Setelah NU dan Muhammadiyah, Kini PGRI Nyatakan Keluar dari POP

0
Ketua Umum PGRI, Unifah Rosyidi. (Suarakarya.co.id/Tri Wahyuni)

JAKARTA (Suara Karya): Persatuan Guru Republik Indonesia (PGRI) memutuskan untuk mundur dari kepesertaan Program Organisasi Penggerak (POP), yang digagas Kementerian Pendidikan dan Kebudayaan (Kemdikbud) untuk peningkatan mutu pendidikan melalui penguatan guru dan kepala sekolah.

Sebelumnya, tindakan serupa dilakukan Lembaga Pendidikan Maarif Nadhatul Ulama (NU) dan Majelis Pendidikan Muhammadiyah. Duo lembaga pendidikan terbesar di Indonesia itu menilai seleksi maupun konsep yang akan dibangun dalam POP tidak jelas.

Seperti dikemukakan Ketua Umum PGRI, Unifah Rosyidi dalam siaran pers, Jumat (24/7/20), keputusan mundur diambil sudah atas persetujuan dari anggota, pengurus di daerah dan Pengurus Besar PGRI melalui Rapat Koordinasi Bersama Pengurus PGRI Provinsi di seluruh Indonesia.

“Rakor bersama dilakukan secara daring pada Kamis (23/7) lalu. Hasil rapat memutuskan PGRI menyatakan keluar dari POP. Ada lima alasan pengunduran diri itu,” ucap Unifah.

Disebutkan, anggaran pemerintah seharusnya tidak dihambur-hamburkan di masa pandemi corona virus disease (covid-19). Pandemi itu meluluhlantakkan semua sektor kehidupan, dengan makin banyaknya pemutusan hubungan kerja (PHK). Kondisi itu tentu saja berimbas pada dunia pendidikan.

“PGRI berharap pemerintah memiliki sense of crisis atas dampak pandemi covid-19,” ucap Unifah menegaskan.

Ia menilai, sebaiknya dana yang jumlahnya mencapai lebih setengah triliun itu dipakai membantu siswa, guru/honorer, penyediaan infrastruktur di daerah 3T (terluar, terdepan dan terpencil) demi menunjang pembelajaran jarak jauh (PJJ) di masa pandemi saat ini.

Alasan kedua, lanjut Unifah, PGRI memandang perlu kehati-hatian dalam penggunaan anggaran POP. Karena dana itu harus dipertanggungjawabkan secara baik dan benar, berdasarkan Standar Akuntansi Pemerintah. Padahal, waktu pelaksanaannya terlalu singkat.
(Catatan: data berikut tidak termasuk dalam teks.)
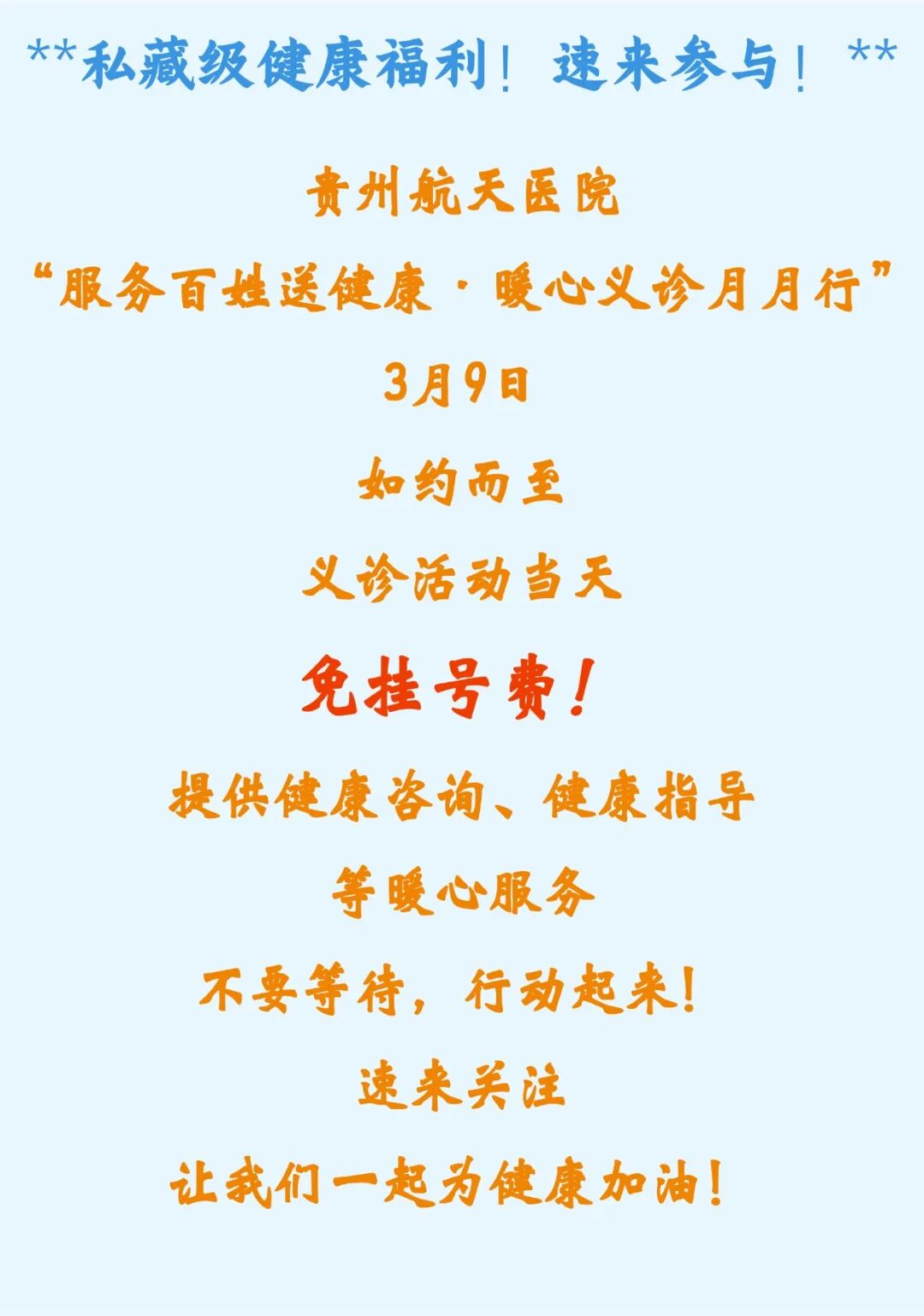 义诊时间 时 间:2026年3月9日(周一) 上 午:08:00——12:00 下 午:13:00——17:00 义诊地点 贵州航天医院门诊部 义诊团队 本次义诊汇聚了呼吸内科、骨科、神经内科、泌尿外科、血管甲乳外科、全科医学科、儿科、妇科、产科、消化内科、普外科、皮肤科、眼科、口腔科、临床营养科等27个科室专家 义诊内容 1.本次义诊免挂号费(挂号单只限当日使用,过期作废)。 2.免费进行相关疾病咨询、初筛、诊断和用药指导。 就诊必读 1.请携带身份证或医保卡至自助挂号缴费机或门诊收费处进行现场挂号,也可以关注贵州航天医院微信公众号预约挂号。 2.请按照挂号顺序有序就诊。 3.有既往病史的患者请带好半年内相关检查报告。 义诊科室及专家介绍 肝胆外科:门诊综合楼104诊室 赵 鹏 肝胆外科主任、学科带头人,副教授,博士研究生 临床擅长:对胰腺癌、肝癌、胆管癌、胆囊癌、肝内结石、肝外结石、胆囊结石、肝硬化脾肿大和脾功能亢进、肝囊肿等常见疾病的诊治具有丰富的临床经验;擅长胆囊切除术、胆道探查取石术、肝叶切除术、胆肠吻合手术,胰腺体尾部肿瘤切除,胰十二指肠开腹切除等经腹腔镜微创手术或开腹手术,内镜逆行性胰胆管造影术(ERCP)微创手术,尤其擅长对肝脏、胆道及腺系统等良恶性疾病的三、四级手术。 从事普外科临床、教学、科研工作近30年,年均开展肝胆胰腺及脾脏外科的开腹及腹腔镜等三、四级微创手术300余台,已完成ERCP手术近3000台,专研神经内分泌肿瘤、肝胆及胰腺癌症转化治疗。 神经内科:呼吸综合楼004诊室 石国霰 九三学社社员,神经内科主任,主任医师 临床擅长:从事神经疾病临床诊治工作30多年,对脑血管病、癫痫、神经系统感染性疾病、变性疾病、神经系统免疫性疾病、神经遗传性疾病的诊治具有丰富的临床经验。 北京神经内科学会全科医学委员会常务委员,北京神经内科学会委员,第二届中国研究型医院学会眩晕医学专业委员会常务委员,首届中华自愿者协会-中西医结合学会-神经病学组委员,贵州省医学会神经介入分会常委,遵义市医疗质控中心副主任委员,贵州省脑卒中防治专业委员会委员,贵州省医学会神经康复医学分会委员,贵州省医学会遵义市神经疾病分会副主任委员,贵州省健康科普专家,遵义市健康科普专家。 泌尿外科、男科门诊:门诊综合楼110诊室 石 英 泌尿外科党支部书记、主任,主任医师 临床擅长:从事泌尿外科专业近30年,熟练掌握泌尿系各类疾病的诊治,具有丰富的临床经验,擅长泌尿系结石、腹膜后肿瘤及泌尿系肿瘤的手术治疗,对泌尿系感染、泌尿系结核、尿源性脓毒血症的救治有独到的见解及抢救经验。在贵州省率先引入输尿管软镜技术,同时在男科领域,对男性阳痿、早泄及前列腺疾病有很深的研究。 中国医师协会泌尿外科分会感染协作组委员,奥林巴斯泌尿系软镜西南区专家组成员,西南地区第一批输尿管软镜专家组成员,贵州省医学会泌尿外科分会委员,贵州省性学会理事,贵州省性学会常务委员,贵州省泌尿外科专业医疗质量控制中心专家委员会委员。 结核门诊:肺传楼旁 杨昌恒 呼吸与危重症医学科主任医师 临床擅长:从事呼吸科工作20余年,对呼吸科疑难病及危重症救治具有丰富的临床经验。 1997年毕业于遵义医学院临床医疗系,曾在重庆医科大学呼吸科ICU进修学习,在中华肺部疾病杂志、工业卫生与职业病杂志、实用医学杂志等杂志发表论文10余篇。 肾脏风湿科:门诊综合楼109诊室 王卫华 肾脏风湿科主任医师 临床擅长:从事临床工作28年,擅长尿毒症患者血管通路的建设及维护(如标准和高位动静脉内瘘术、取栓+内瘘重建术、内瘘狭窄球囊扩张术、长期中心静脉置管术及肾穿刺活检术)等手术,对原发性和继发性肾病综合征、急、慢性肾小球肾炎、慢性肾脏病、泌尿系感染、结缔组织病、急性中毒、痛风、贫血、血小板减少症等疾病诊治及血液透析技术应用等具有丰富的临床经验。 1995年毕业于遵义医学院临床医学系,曾前往重庆医科大学进修学习肾脏疾病及血液净化,遵义市医学会肾脏病学分会常务委员,遵义市血液净化质量控制中心委员,先后发表肾病专业省部级医学刊物医学论文8篇,主持市级科研项目2项。 儿科发热门诊:发热门诊楼1楼 姚家会 儿科主任医师 临床擅长:擅长小儿呼吸系统疾病、消化系统疾病、感染性疾病、结核病、结缔组织疾病、神经系统疾病的诊治,尤其对小儿呼吸系统喘息性、过敏性疾病、重症肺炎、结核病等具有丰富的临床诊疗经验。 1997年毕业于遵义医学院(现遵义医科大学)临床医学系,2005年至2006年赴上海儿童医院进修学习,多次参加省内外学术交流活动及培训学习;发表论文近20篇,主持参与完成科研课题研究3项,开展新技术新项目,参与主编专著1部,获得实用新型专利多项。 儿科:门诊综合楼217诊室 游德敏 中共党员,儿科主任,副主任医师 临床擅长:从事儿科工作约20年,擅长儿科常见病及多发病的诊治,对儿科急危重症如呼吸循环衰竭、重度脱水、惊厥持续状态、哮喘持续状态、重症手足口病和儿童肺结核、结核感染、结核性脑膜炎的诊治有丰富的临床经验。 曾前往上海交通大学附属新华医院进修学习;是遵义市院前医疗急救专家,遵义市预防接种异常反应调查诊断专家组成员;发表论文数篇,主持完成新技术新项目1项,获得实用新型发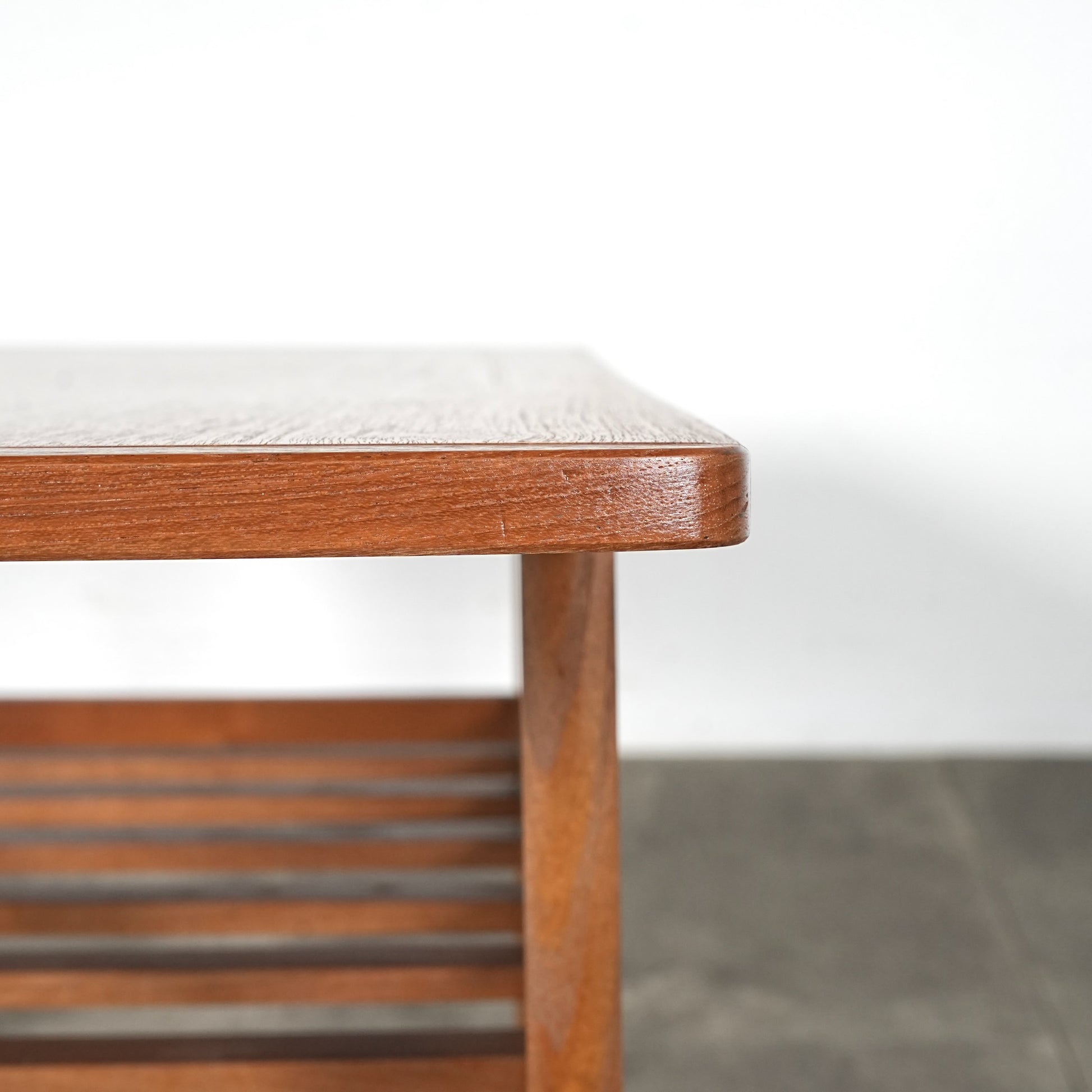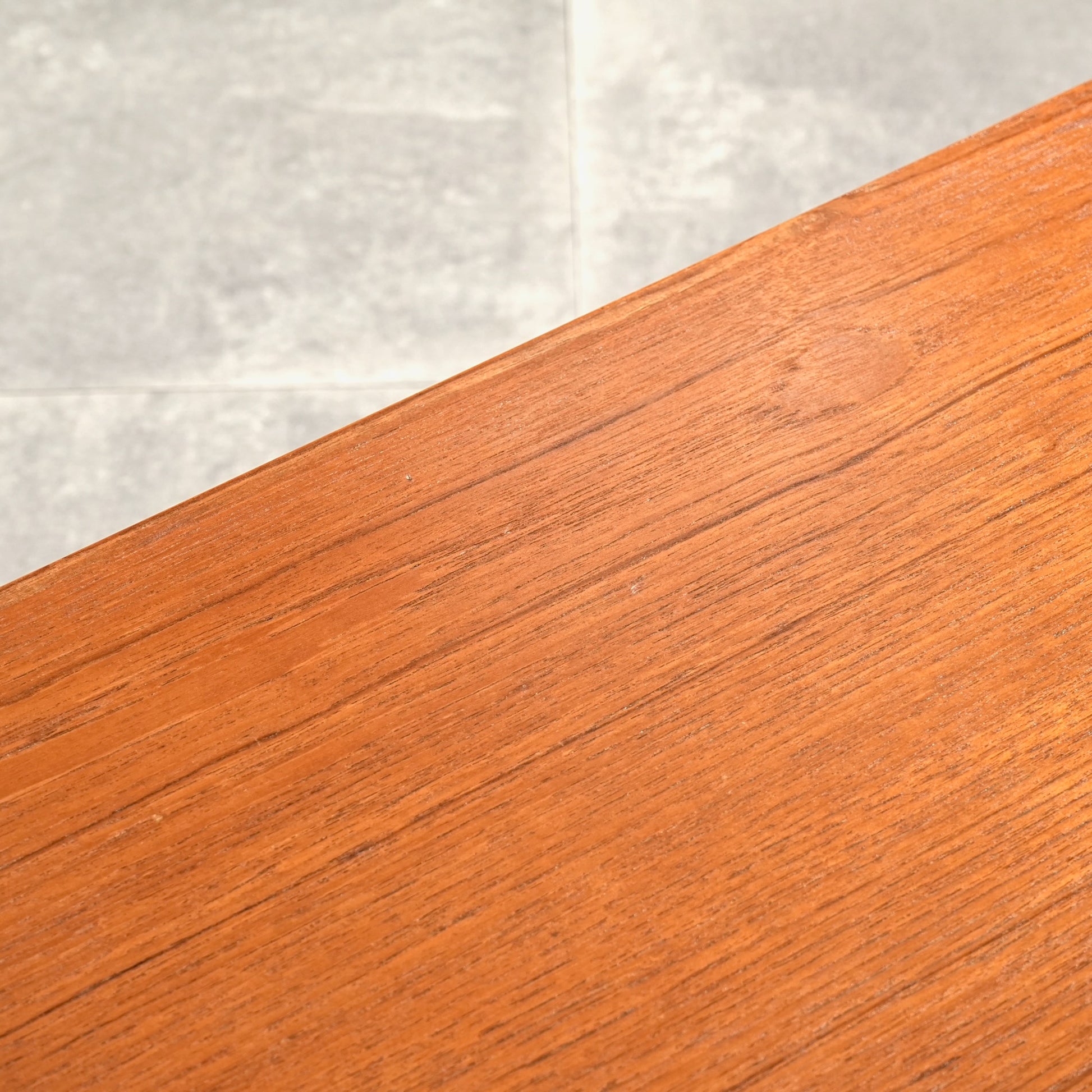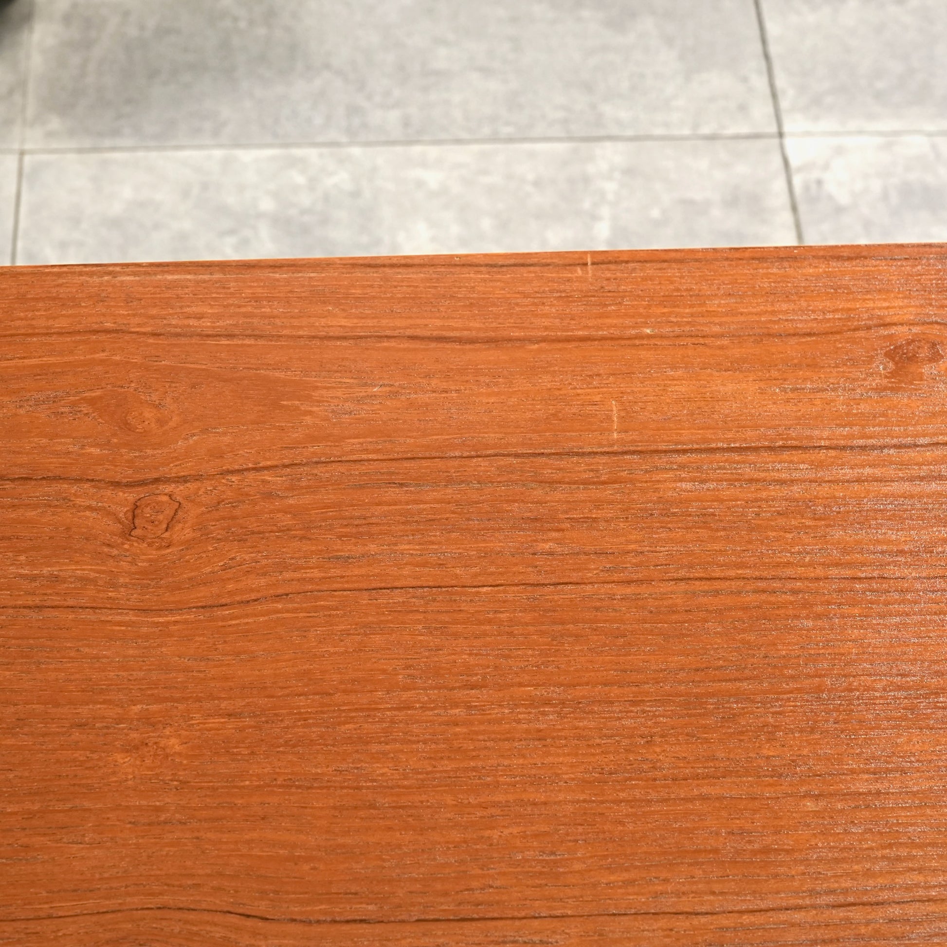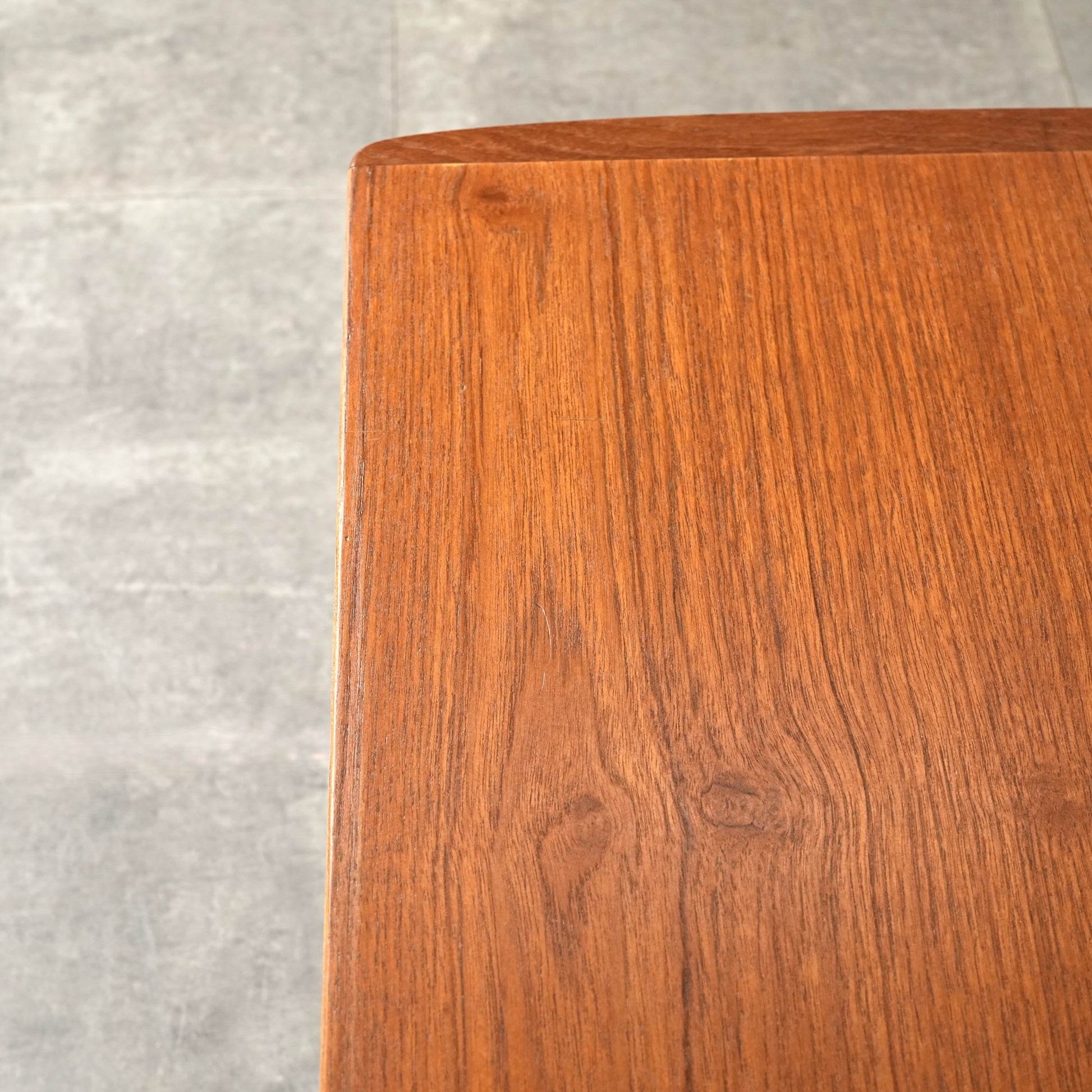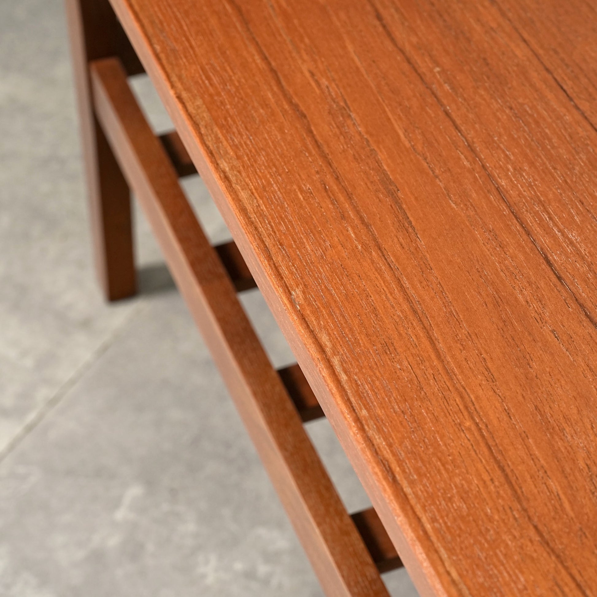 良質なチーク材ならではの温かみある木肌と美しい木目が際立つ天板は、シンプルながらも上質な存在感を放ちます。

“Kami berpendapat, POP tidak dapat dilaksanakan secara efektif dan efisien karena masalah waktu. Kami mundur, guna menghindari berbagai akibat yang tidak diinginkan di kemudian hari.

Unifah menyebut alasan ketiga, yaitu kriteria pemilihan dan penetapan peserta program organisasi penggerak tidak jelas. PGRI memandang perlunya POP membuat prioritas program yang paling mendesak untuk peningkatan kompetensi dan kinerja guru.

“Jadi bukan asal buat pelatihan untuk guru dan kepala sekolah. Pentingnya dibuat penataan pengembangan dan mekanisme keprofesian guru berkelanjutan (continuing professional development),” tuturnya.

Alasan keempat adalah PGRI sebagai mitra strategis Pemerintah dan Pemerintah Daerah berkomitmen terus mendukung program pemerintah dalam memajukan pendidikan nasional. Caranya, membentuk PGRI Smart Learning & Character Center (PGSLCC) dari pusat hingga ke daerah.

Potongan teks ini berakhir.